The least count of a micrometer is $$0.001cm$$. Using it the diameter of a wire is measured as $$0.084cm$$. Relative error in this measurement is:
A. $${\displaystyle \frac{10}{84}}$$
B. $${\displaystyle \frac{1}{840}}$$
C. $${\displaystyle \frac{1}{84}}$$
D. None

Answer 1

Hint: Use the formula for relative error in screw gauge. Relative error in a screw gauge or micrometer is given by the ratio of least count to the measured value.Screw Gauge is a mechanical tool which facilitates measuring diameter or radius or thickness of thin wire or of metal sheets with accuracy.

Formula used:
$$R.E={\displaystyle \frac{l.c}{d}}$$
where, $$R.E$$ is a relative error, $$l.c$$ is the least count of the micrometer and $$d$$ is the measured value.

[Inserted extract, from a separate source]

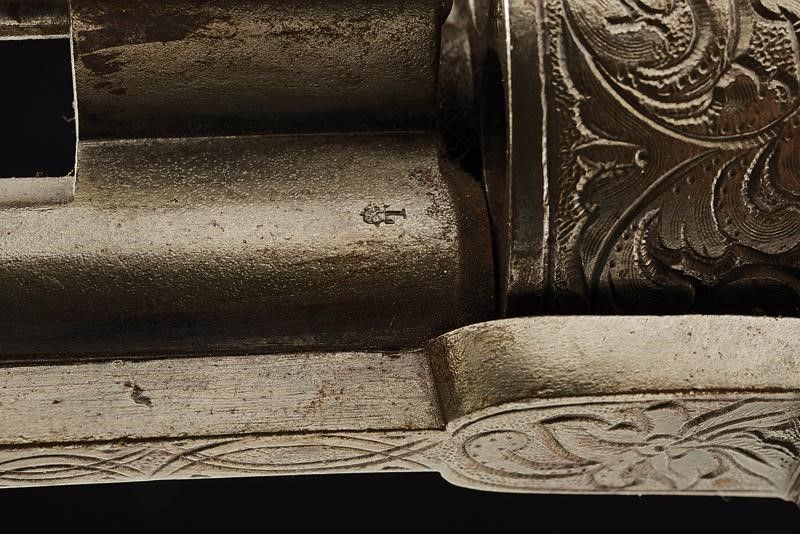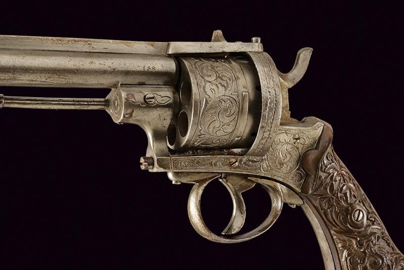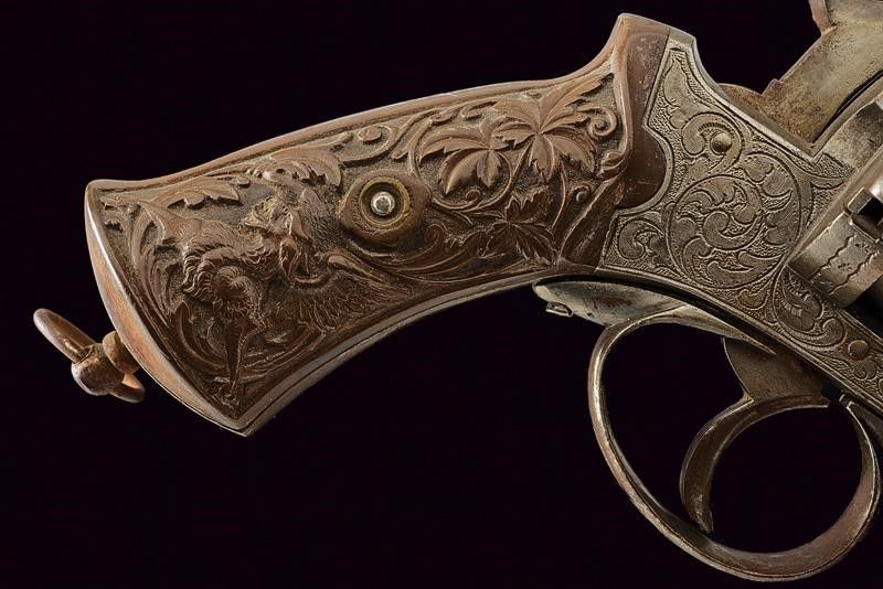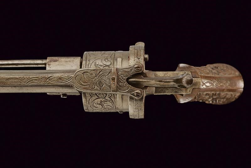 datazione: Terzo quarto del XIX Secolo provenienza: Europa, Canna cilindrica con bindella dorsale, alzo e mirino, cal. 11 mm. Incrostazioni all'interno. Tamburo a sei colpi con incisioni a racemi su fondo a granuli. Resti di punzone 'T' coronato. Meccanica funzionante in singola e doppia azione. Castello inciso en suite. Segni d'uso e del tempo. Impugnatura in materiale color marrone ornata in rilievo a racemi e con grifoni. lunghezza 28 cm.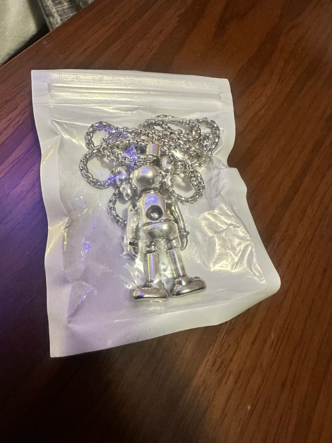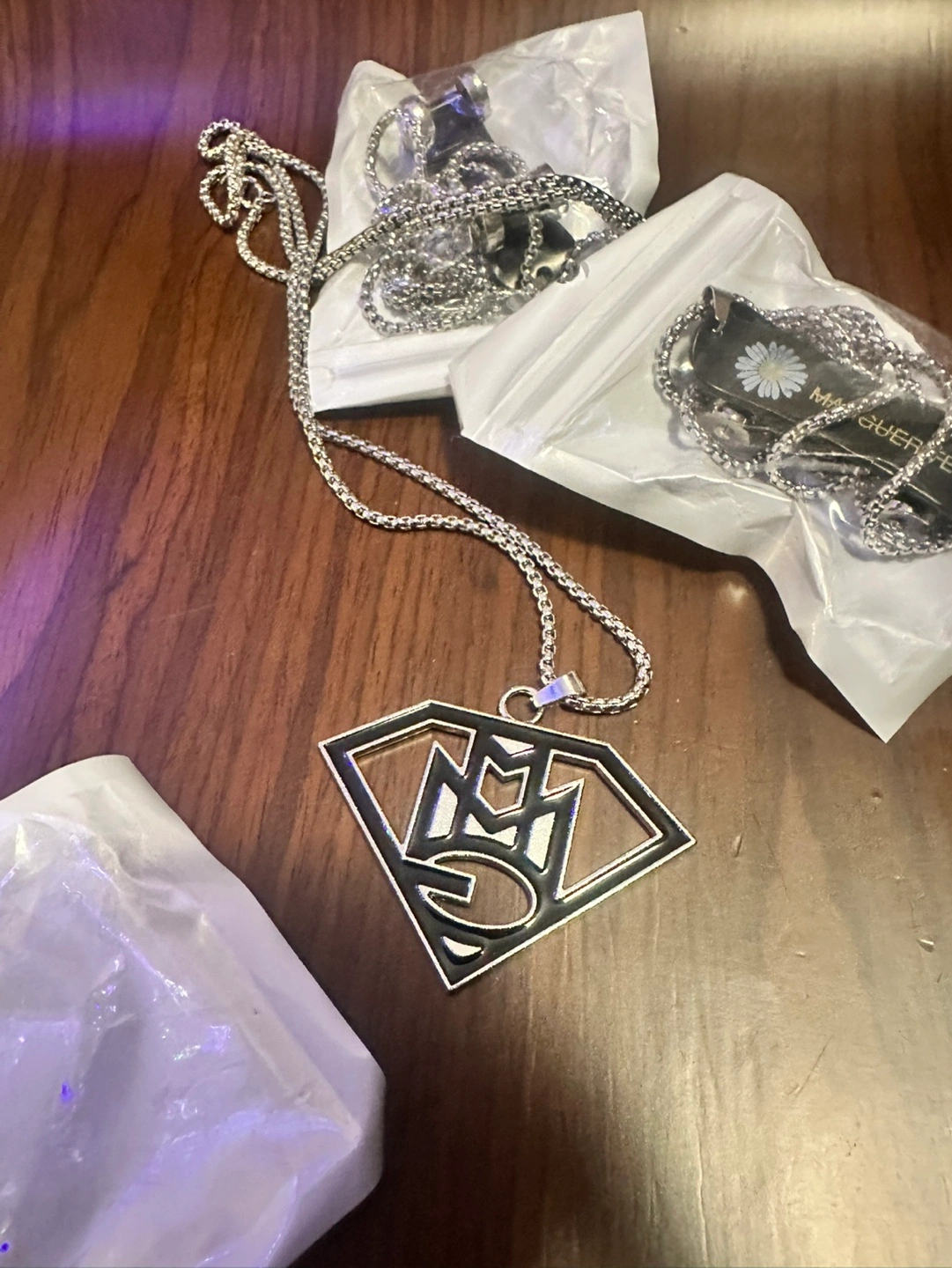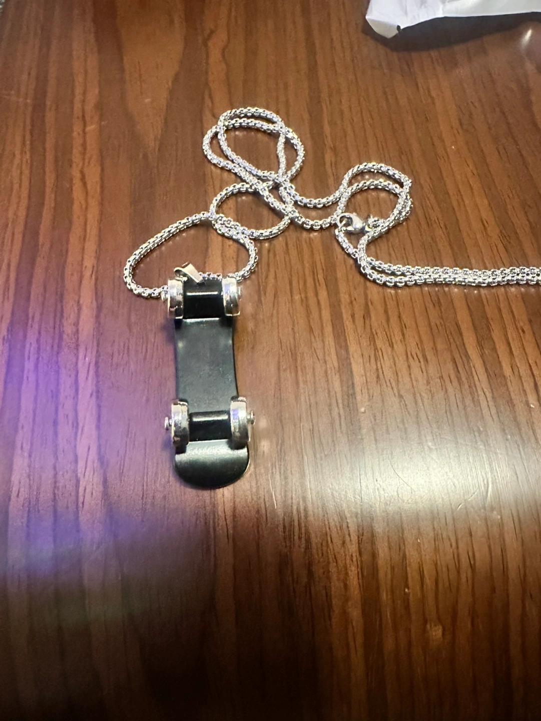 Three necklaces with different pendants. One features a miniature skateboard, another a logo, and the last a stylized figure. Silver chains included. New, never worn.

Complete step by step answer:
We know that the relative error in a screw gauge or micrometer is given by the ratio of least count to the measured value.We have, $$l.c=0.001cm$$ and the measured value of the diameter is given as,
$$R.E={\displaystyle \frac{l.c}{d}}$$
Hence, relative error in the measurement will be,
$$R.E={\displaystyle \frac{0.001}{0.084}}$$
$$\Rightarrow R.E={\displaystyle \frac{1}{84}}$$
So, relative error is $${\displaystyle \frac{1}{84}}$$

Hence, option C is correct.

 Note: Relative error in a measurement is the ratio of the absolute error of a measurement to the measurement being taken. Here, absolute error for the equipment is the least count of the micrometer screw. Since, this is the minimum value that the micrometer can measure. So, absolute error will be the same as the least count of the device. Percentage of error of the device is calculated as, $$P.E={\displaystyle \frac{l.c}{d}}\times 100\mathrm{\%}$$ where, $$P.E$$ is the percentage error.